▸ **EXERCISE**
With the pictures left out, print exactly the lines below that run from the one containing "不过,从整体通行数据来看,复" through the one containing "場面を思い浮かべながら言葉を".

▸ **DATA EXTRACT**
┄┄┄┄┄┄

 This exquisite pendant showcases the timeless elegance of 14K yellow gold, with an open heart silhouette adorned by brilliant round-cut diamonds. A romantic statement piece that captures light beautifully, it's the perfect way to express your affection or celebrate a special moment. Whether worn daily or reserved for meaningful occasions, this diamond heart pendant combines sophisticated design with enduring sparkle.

┄┄┄┄┄┄

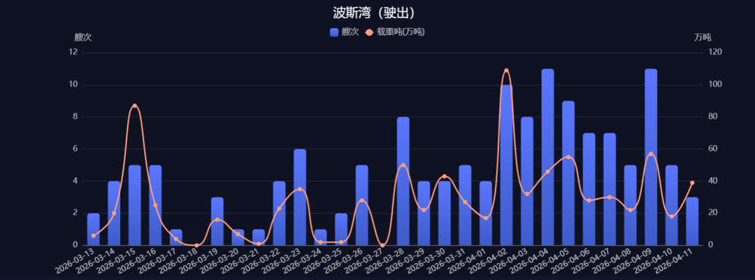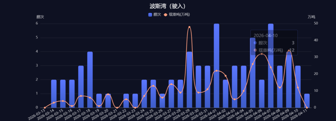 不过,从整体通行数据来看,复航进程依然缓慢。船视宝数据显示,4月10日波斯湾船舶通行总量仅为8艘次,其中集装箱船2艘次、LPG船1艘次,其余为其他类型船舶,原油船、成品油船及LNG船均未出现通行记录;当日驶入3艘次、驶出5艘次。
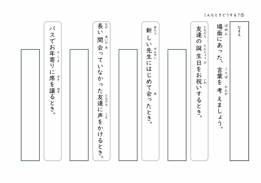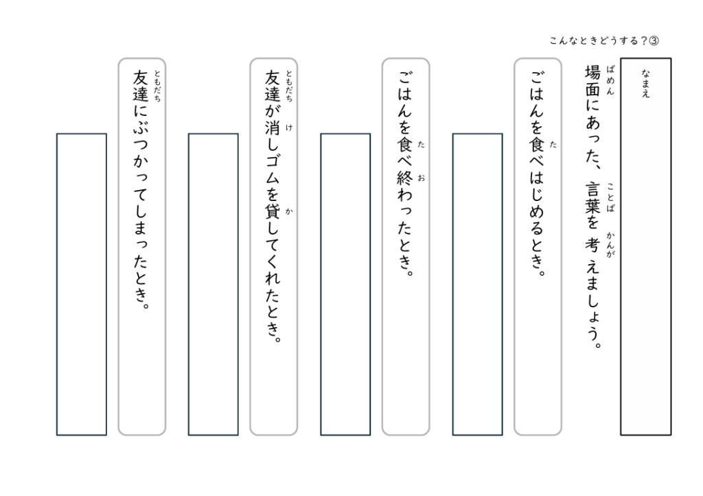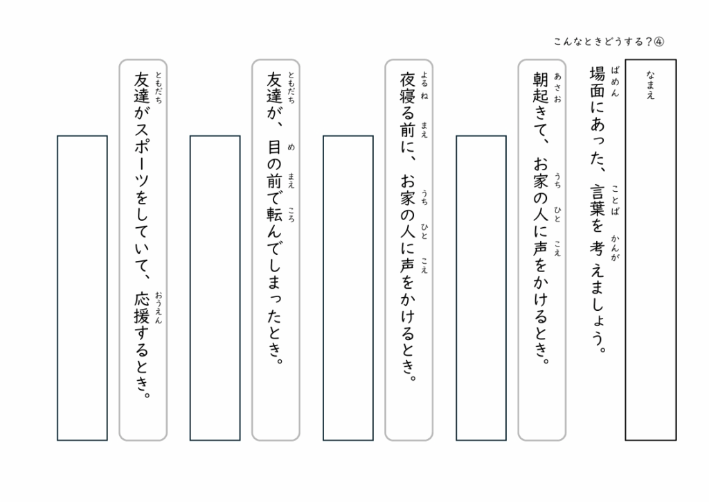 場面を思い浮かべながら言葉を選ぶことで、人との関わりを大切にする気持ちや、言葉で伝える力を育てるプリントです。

┄┄┄┄┄┄

▸ **TASK ANSWER**
 不过,从整体通行数据来看,复航进程依然缓慢。船视宝数据显示,4月10日波斯湾船舶通行总量仅为8艘次,其中集装箱船2艘次、LPG船1艘次,其余为其他类型船舶,原油船、成品油船及LNG船均未出现通行记录;当日驶入3艘次、驶出5艘次。
 場面を思い浮かべながら言葉を選ぶことで、人との関わりを大切にする気持ちや、言葉で伝える力を育てるプリントです。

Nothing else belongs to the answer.